EXERCISE INSTRUCTIONS | Your copy should start at the line with "Temple In The" and end at the line with "Its compact size" in the data below. Transcribe only those lines, exactly, pictures excluded.

DATASET ENTRIES |
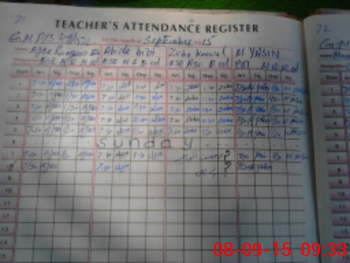 | Remarks (Use Separate Page if Required): ZEBA KANWAL ESE ABSENT wef 07 09 2015 AND LEAVE NOT AVAILABLE and N S B not properly used | |||||
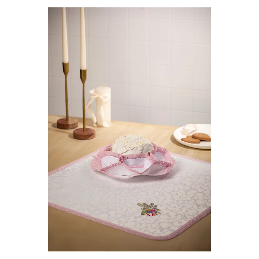 Пасхальный набор от WILLIAMS OLIVER станет прекрасным дополнением сервировки праздничного стола. Изделия сшиты из прочного жаккардового полотна с затейливым тканым узором, по краю обработаны плетеной кружевной тесьмой голубого, зеленого или розового оттенка. Квадратная салфетка украшена искусной яркой вышивкой с традиционной символикой. Круглая трехслойная куличница имеет оригинальную конструкцию. В некоторых местах по окружности слои скреплены между собой, а в верхний продета ленточка. Если ее стянуть, края приподнимутся, образуя своего рода корзинку для кулича с кармашками для крашеных яиц.
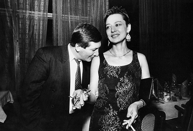 Лидер партии "Экономическая свобода" Константин Боровой и экономист Ирина Хакамада на свадьбе президента Российской товарно-сырьевой биржи Алексея Власова, 1993
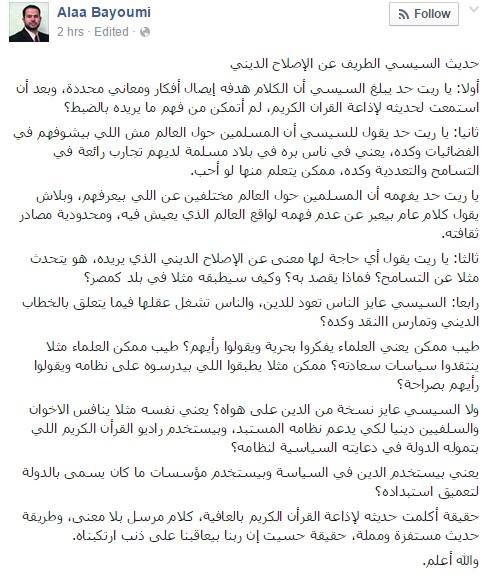 وأضاف- في تدوينة له على موقع التواصل الاجتماعي: "يا ريت حد يقول للسيسي أن المسلمين حول العالم مش اللي بيشوفهم في الفضائيات وكده، يعني في ناس بره في بلاد مسلمة لديهم تجارب رائعة في التسامح والتعددية وكده، ممكن يتعلم منها لو أحب".
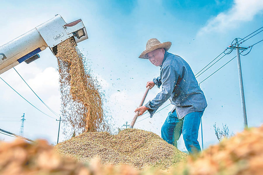 10月8日,蕪湖市繁昌區峨山鎮城東村,農機手在操作農機收割水稻。 本報通訊員 肖本祥 攝
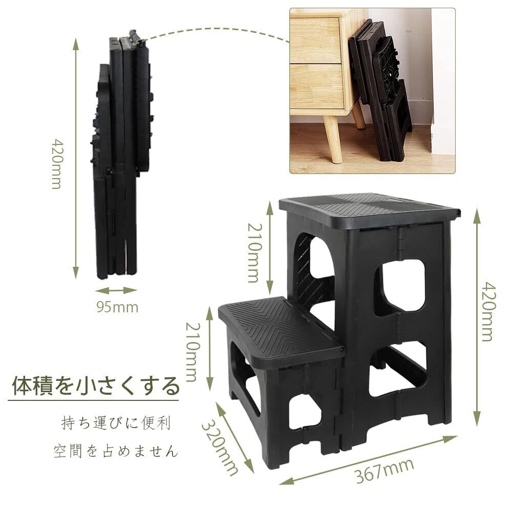 GOODCHI 踏み台 脚立 折りたたみ式 ステップ台 2段 ポリカーボネート製 耐荷重150kg 高さ43cm 軽量 滑り止 折りたたみチェア 玄関台 洗車 踏み台 (ブラック)
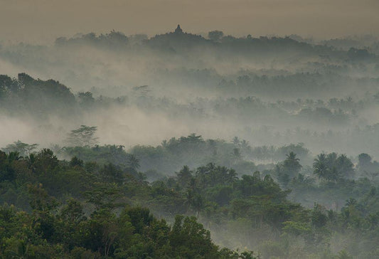 Temple In The Mist White Modern Wood Framed Art Print with Double Matting by Wrobel, Karsten
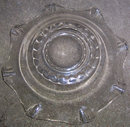 Vintage Clear Glass Center Bowl with Ruffled Edge. Bowl is 9 1/2" across and 3" high. Very good condition.
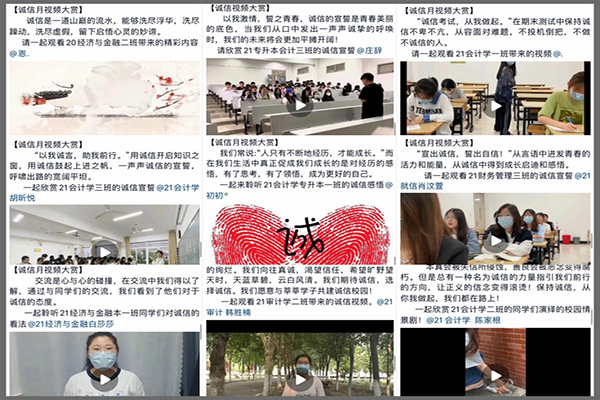 学院开展了“为人信奉诚,见利先思义”诚信主题短视频大赛,形式为情景剧、诚信宣言、诚信故事演绎以及诉说诚信感悟等。在比赛的过程中,进一步强化学生的诚信意识,培养学生的诚信行为、诚信品质。
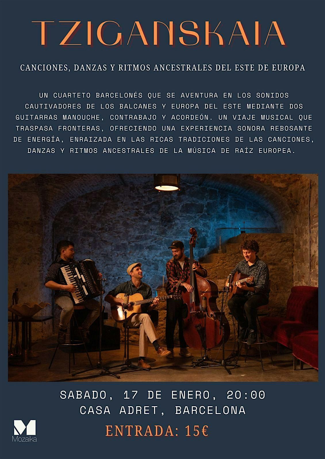 Casa Adret s’omple d’energiaamb Tziganskaia, un quartet barceloní que ens convida a un viatge musical pels Balcans i l’Europa de l'Est
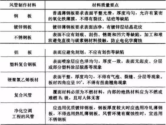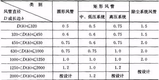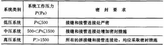 高压风管、中压风管、低压风管三个类别,具体划分如表所示:
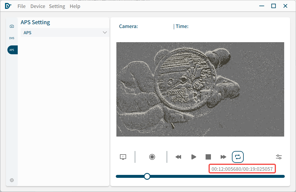 在相机播放时,回放相关的按钮会置灰,无法点击。在相机播放模式下,显示窗口上方会显示相机的序列号以及相机当前播放的时间戳信息。
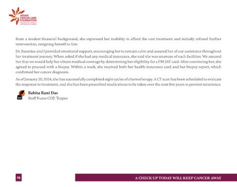 her treatment journey. When asked if she had any medical insurance, she said she was unaware of such facilities. We assured
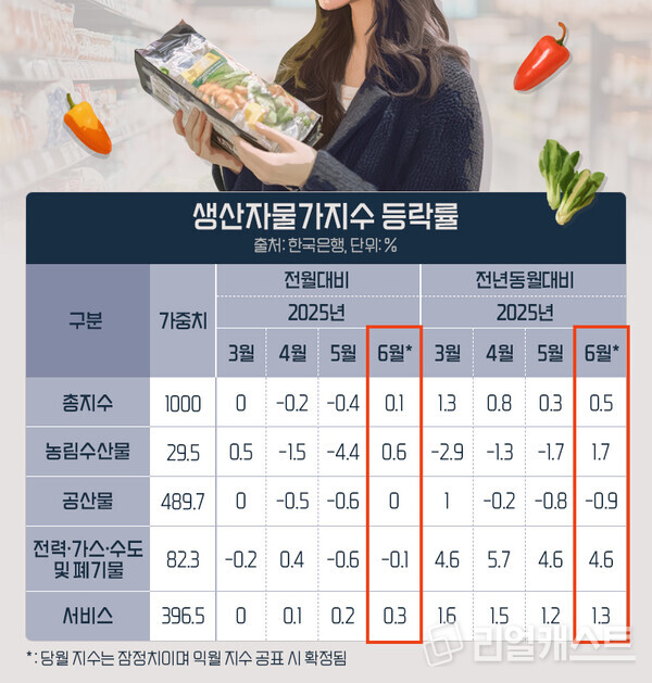 지난 21일 한국은행이 발표한 6월 생산자물가지수는 5월 대비 0.1% 오른 것으로 나타났습니다.
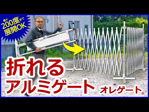 アルマックスの折りたためるアルミゲート『オレゲート』は、錆びにくいアルミ製で軽量、半分にたためてコンパクトに収納可能、持ち運びも簡単です。
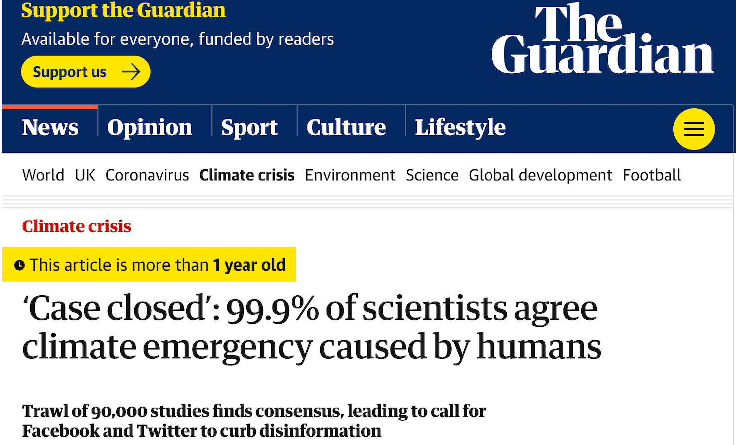 Going beyond “97%,” “99%” abuser The Guardian took a paper claiming 99% agreement on humans impacting climate to some extent to mean “99.9% of scientists agree climate emergency caused by humans.”
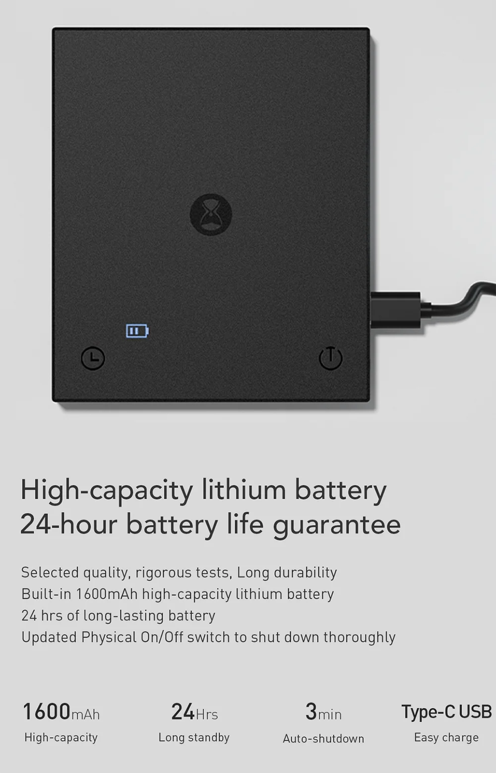 Its compact size and light weight make the TIMEMORE coffee scale easy to store and ideal for small kitchen spaces or for taking on the go.
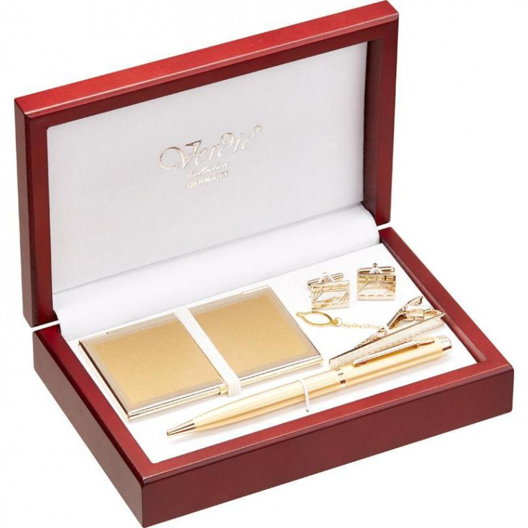Подарочный мужской набор из коллекции Verdie отлично подойдет в качестве презента для коллеги в офисе, также в качестве корпоративного презента или на день рождения знакомому. Набор состоит из шариковой ручки, визитницы, зажима для галстука и запонок. Ручка золотистого цветы выполнена из латуни с многослойным лаковым покрытием. Толщина линии письма 0.5 мм. Благодаря возможности гравировки на ручке этим набором вы подчеркнете значимость и свое отношение к тому, для кого предназначен этот презент. Визитница, зажим для галстука и запонки изготовлены из латуни с декоративной отделкой. Набор поставляется в подарочном деревянном футляре. Размер: 180×120×45 мм. Страна производства — Китай.
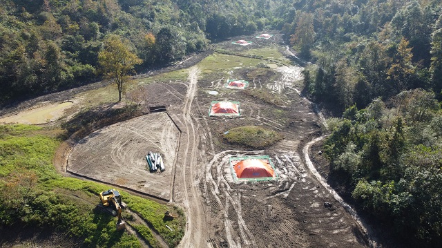 圖為河池市生態(tài)環(huán)境局指導(dǎo)項(xiàng)目實(shí)施方對(duì)三鏡巖溶洼地開(kāi)展進(jìn)場(chǎng)道路修建。
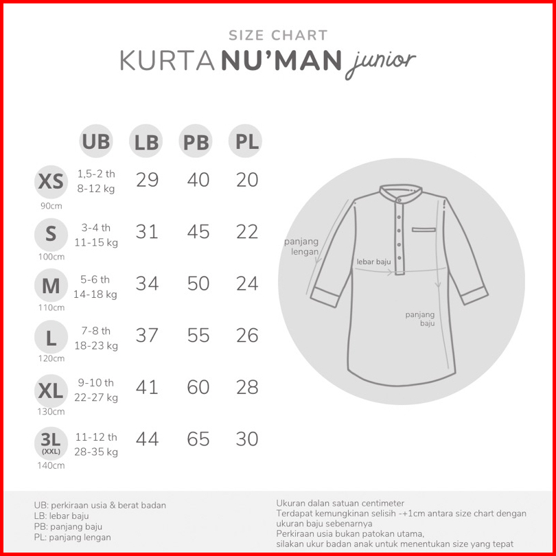 Size 1 (XS anak), Size 3 (S anak), Size 5 (M anak), Size 7 (L anak), Size 9 (XL anak), Size 11 (XXL/3Lanak)

SOLUTION TO THIS TASK |
 Temple In The Mist White Modern Wood Framed Art Print with Double Matting by Wrobel, Karsten
 Vintage Clear Glass Center Bowl with Ruffled Edge. Bowl is 9 1/2" across and 3" high. Very good condition.
 学院开展了“为人信奉诚,见利先思义”诚信主题短视频大赛,形式为情景剧、诚信宣言、诚信故事演绎以及诉说诚信感悟等。在比赛的过程中,进一步强化学生的诚信意识,培养学生的诚信行为、诚信品质。
 Casa Adret s’omple d’energiaamb Tziganskaia, un quartet barceloní que ens convida a un viatge musical pels Balcans i l’Europa de l'Est
 高压风管、中压风管、低压风管三个类别,具体划分如表所示:
 在相机播放时,回放相关的按钮会置灰,无法点击。在相机播放模式下,显示窗口上方会显示相机的序列号以及相机当前播放的时间戳信息。
 her treatment journey. When asked if she had any medical insurance, she said she was unaware of such facilities. We assured
 지난 21일 한국은행이 발표한 6월 생산자물가지수는 5월 대비 0.1% 오른 것으로 나타났습니다.
 アルマックスの折りたためるアルミゲート『オレゲート』は、錆びにくいアルミ製で軽量、半分にたためてコンパクトに収納可能、持ち運びも簡単です。
 Going beyond “97%,” “99%” abuser The Guardian took a paper claiming 99% agreement on humans impacting climate to some extent to mean “99.9% of scientists agree climate emergency caused by humans.”
 Its compact size and light weight make the TIMEMORE coffee scale easy to store and ideal for small kitchen spaces or for taking on the go.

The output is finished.